Exercise instructions:
Only one stretch of the data is wanted: the line containing "Yeşil, beyaz ve", the line containing "x 5.1cm ヘッド部・9cmメイソンピアソンは、イギリスの高級ヘアブラシの老舗専門ブランドです。", and every line between them, copied exactly.

Recorded information:

☆ ☆ ☆ ☆ ☆ ☆ ☆

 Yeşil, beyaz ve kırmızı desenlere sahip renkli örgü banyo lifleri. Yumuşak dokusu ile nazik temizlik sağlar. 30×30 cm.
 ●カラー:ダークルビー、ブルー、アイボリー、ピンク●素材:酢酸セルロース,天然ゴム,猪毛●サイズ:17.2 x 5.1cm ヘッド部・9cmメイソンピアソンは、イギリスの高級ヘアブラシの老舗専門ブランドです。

☆ ☆ ☆ ☆ ☆ ☆ ☆

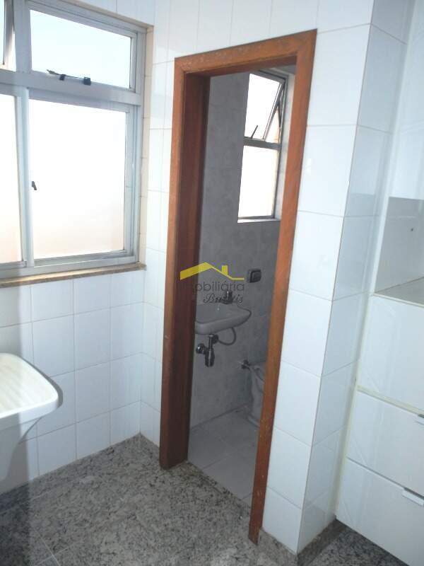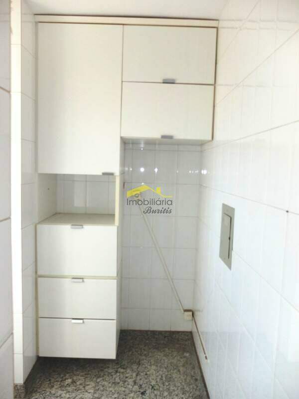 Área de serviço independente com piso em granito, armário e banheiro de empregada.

☆ ☆ ☆ ☆ ☆ ☆ ☆

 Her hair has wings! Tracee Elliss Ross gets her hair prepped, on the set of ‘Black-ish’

☆ ☆ ☆ ☆ ☆ ☆ ☆

Task solution:
 Yeşil, beyaz ve kırmızı desenlere sahip renkli örgü banyo lifleri. Yumuşak dokusu ile nazik temizlik sağlar. 30×30 cm.
 ●カラー:ダークルビー、ブルー、アイボリー、ピンク●素材:酢酸セルロース,天然ゴム,猪毛●サイズ:17.2 x 5.1cm ヘッド部・9cmメイソンピアソンは、イギリスの高級ヘアブラシの老舗専門ブランドです。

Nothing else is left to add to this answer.